A leading hypothesis in the field is that Ptc regulates Smo by gating its access to cholesterol or a related sterol. It has been proposed that cholesterol activates Smo, and subsequently Hh signaling, by entering the active site through a hydrophobic “oxysterol tunnel,” which can adopt open or closed conformations to allow for activation or inactivation of Smo, respectively, due to allowed sterol binding. Shh would work by inhibiting Ptc, which would increase accessible cholesterol concentrations and allow for the activation of Smo anf transmission of the Hh signal.
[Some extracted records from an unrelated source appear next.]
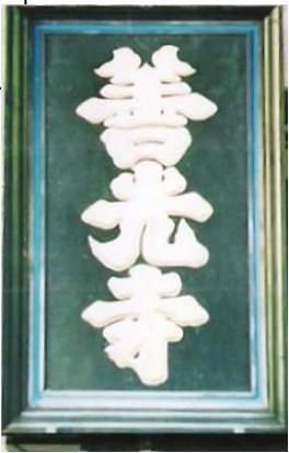
善光寺（長野県長野市）三門の額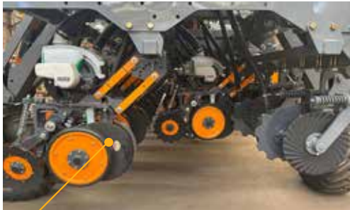
APTA PARA CUALQUIER TIPO DE DOSIFICADOR NEUMÁTICO E INSTALADO EN LA CONFIGURACIÓN DESEADA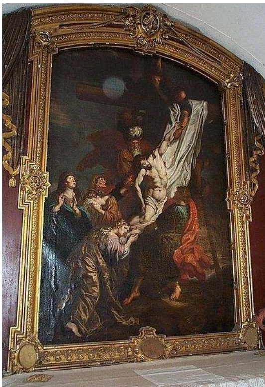
La malsuprenirigo de Jesuo de super la Kruco de Peter Paul Rubens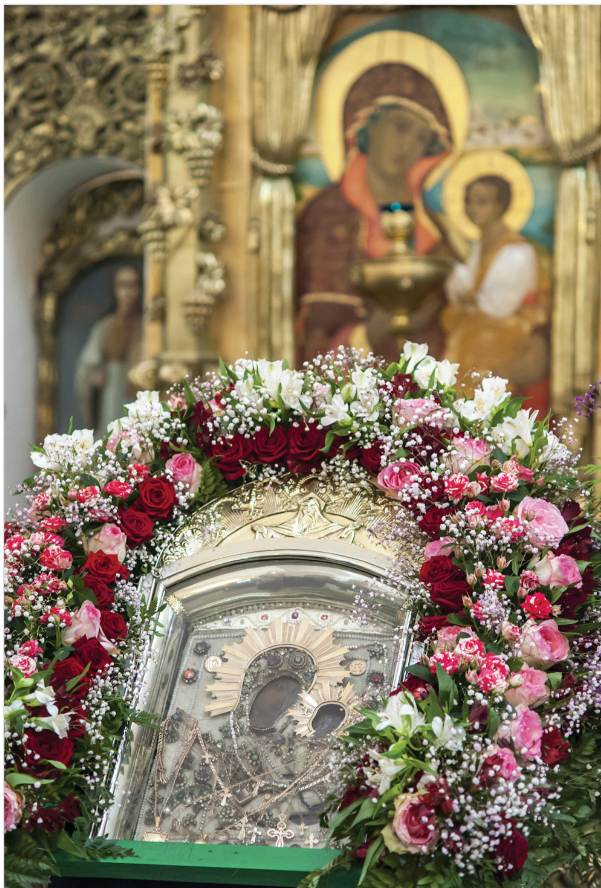
Чудотворная икона Божией Матери «Грузинская (Раифская)»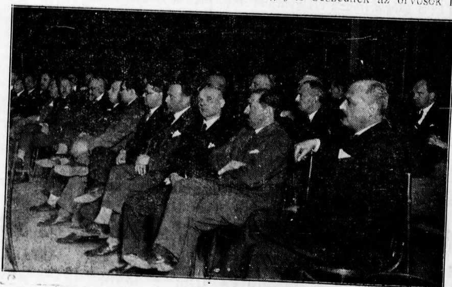
Az orvos-szövetség közgyűlése a városháza dísztermében.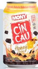
Gambar 2.7 Mony Cincau

Mony cincau adalah minuman cincau dengan ekstra madu dalam kemasan kaleng. Mony cincau saat ini menjadi produk unggulan dari PT Monysaga Prima. Hadir dengan tambahan sedotan menjadi nilai tambah produk ini diantara para kompetitorinya. Dengan harga relatif murah produk ini ditargetkan bagi masyarakat menengah kebawah dan usia 12 sampai 50 Tahun.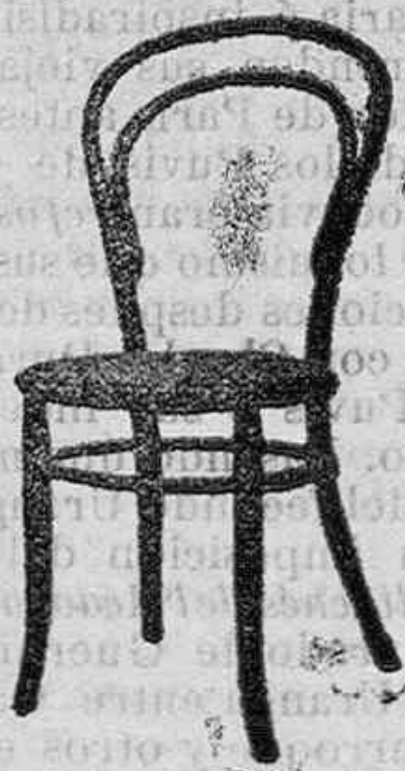
SILLA VIÑA curvado asiento regilla Pts. 5 50

INMENSO SURTIDO EN TODA CLASE DE MUEBLES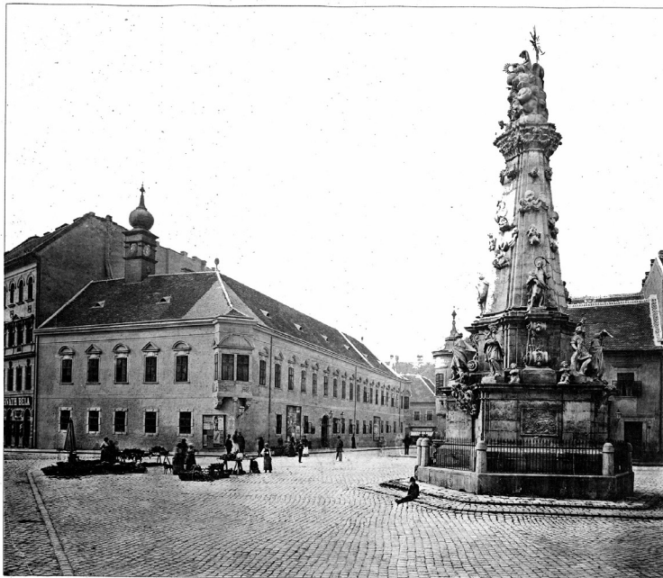
3. ábra. A budai városháza a Szentháromság-szoborral. 1891.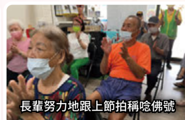
長輩努力地跟上節拍稱唸佛號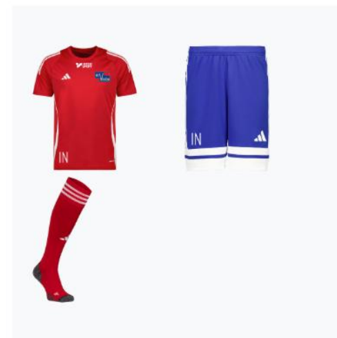
Lilla träningspaketet Barn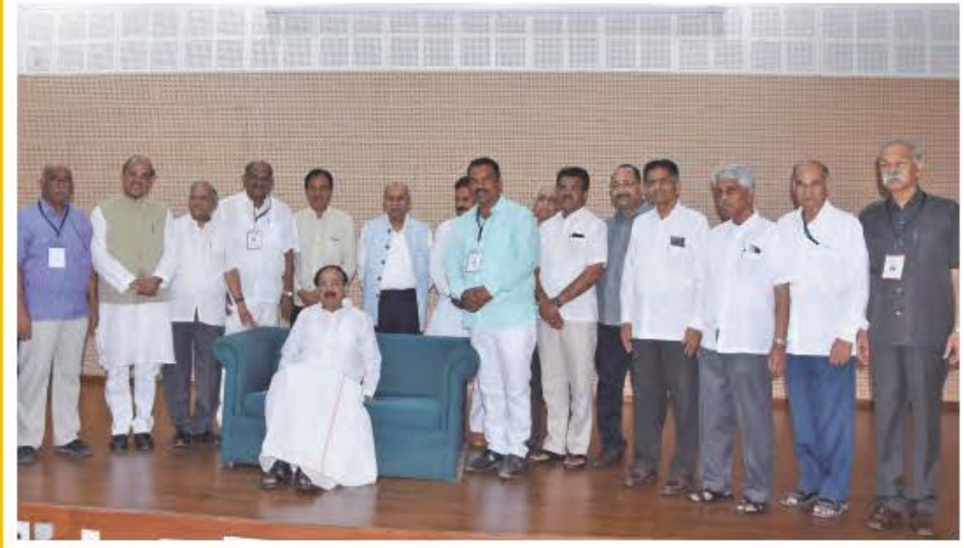
ಗೌರವಾನ್ವಿತ ಉಪರಾಷ್ಟ್ರಪತಿಗಳೊಂದಿಗೆ ಕೆಎಲ್‌ಇ ಸಂಸ್ಥೆಯ ಆಡಳಿತ ಮಂಡಳಿಯ ಸದಸ್ಯರ ಒಂದು ನೋಟ.

A recent crystal structure has identified two sterol binding sites in Smo, but which site is endogenously regulated by Ptc remains to be determined. The potential sites of regulation include the extracellular cysteine-rich domain of Smo, as well as a site deep within the transmembrane domain.
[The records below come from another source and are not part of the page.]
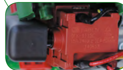
▲ Кнопка выключателя производства JIABEN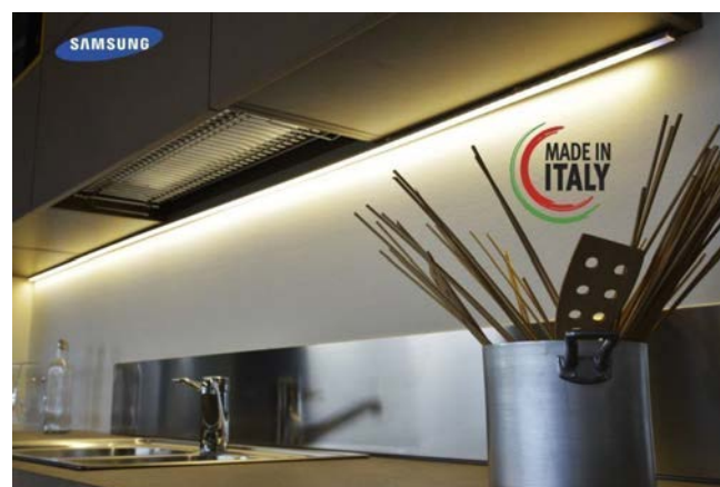
Esempi d'illuminazione getibile con comando a distanza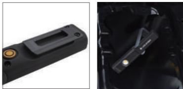
裏面クリップ 底面マグネット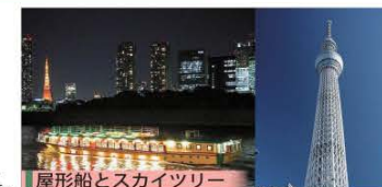
屋形船とスカイツリー

往復乗車代（浅草駅～会津田島駅）、往復特急代（浅草駅～鬼怒川温泉駅）、地下鉄乗車代、各施設入場料、宿泊代、屋形船食べ飲み放題、保険料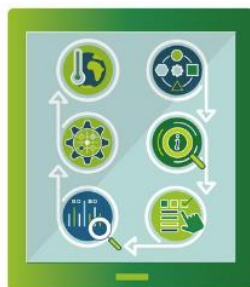
Regional Adaptation Support Tool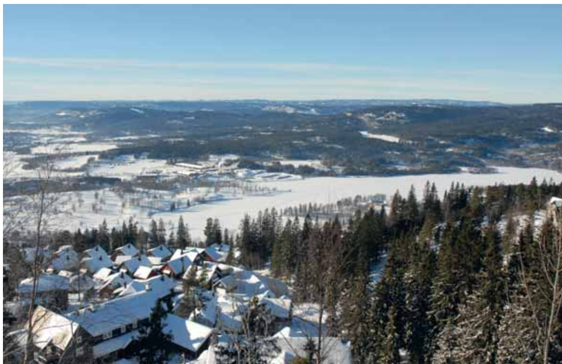
Utsyn over Bærumsmarka, Fossum Bruk, Bogstadvannet og Bogstad gård.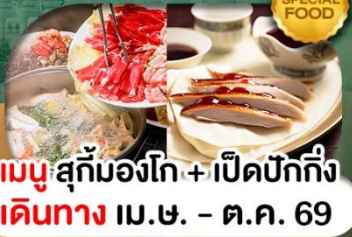
เมนูสุกั่มองโก + เปิดปักกิ่ง เดินทาง เม.ษ. - ต.ค. 69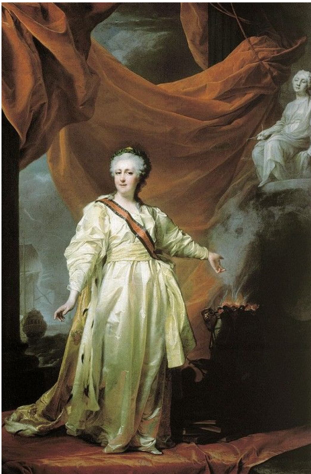
19. Екатерина-Законодательница в храме богини Правосудия. Гос. Третьяковская галерея.

Due to the abundance of cholesterol in the plasma membrane, it has also been proposed that Ptc regulates the activity of Smo by controlling cholesterol accessibility specifically within the membrane of the primary cilia, which contains a less abundant, and therefore more readily regulated pool of accessible cholesterol.
Typically, upon activation and release of inhibition by Ptc, Smo will relocate to the primary cilia and Ptc will diffuse out of the ciliary membrane. Upon inactivation, Smo no longer becomes concentrated in the ciliary membrane, This hypothesis is supported by methods which can increase or deplete the accessible cholesterol pool, with a subsequent increase or decrease in Hh signaling. This accessible cholesterol pool has been shown to be distinct from the general plasma membrane cholesterol pool in being available for protein interaction and cell uptake. The ciliary membrane has also been shown to contain lower levels of accessible cholesterol due to sequestering of cholesterol by sphingomyelin. In addition to cholesterol’s role as a Hh pathway agonist, it has been shown that cholesterol levels within the ciliary membrane rapidly increase upon treatment with Shh only in the presence of Ptc, further suggesting Ptc regulation of accessible cholesterol as the mechanism behind Smo activation/inhibition. Additionally, Molecular Dynamics simulations suggest that vismodegib inhibits Smo through a conformational change that prevents cholesterol from binding. This suggests the hypothesis that Ptc functions by preventing Smo access to cholesterol, and upon Ptc inhibition by Shh, Smo gains access to cholesterol and is subsequently activated, transmitting the Hh signal.

Role in disease

SMO can function as an oncogene. Activating SMO mutations can lead to unregulated activation of the hedgehog pathway and serve as driving mutations for cancers such as medulloblastoma, basal-cell carcinoma, pancreatic cancer, and prostate cancer. As such, SMO is an attractive cancer drug target, along with the many hedgehog pathway agonists and antagonists that are known to directly target SMO.
Cholesterol is known to be crucial in regulating the overall hedgehog pathway, and congenital mutations in cholesterol synthesis pathways can inactivate SMO specifically, leading to developmental disorders. For example, oxysterol 20-OHC is known to activate vertebrate SMO by binding the cysteine rich domain near its extracellular amino-terminal region. In the context of cancer, 20-OHC is the target of a proposed anti-cancer oxysterol binding inhibitor.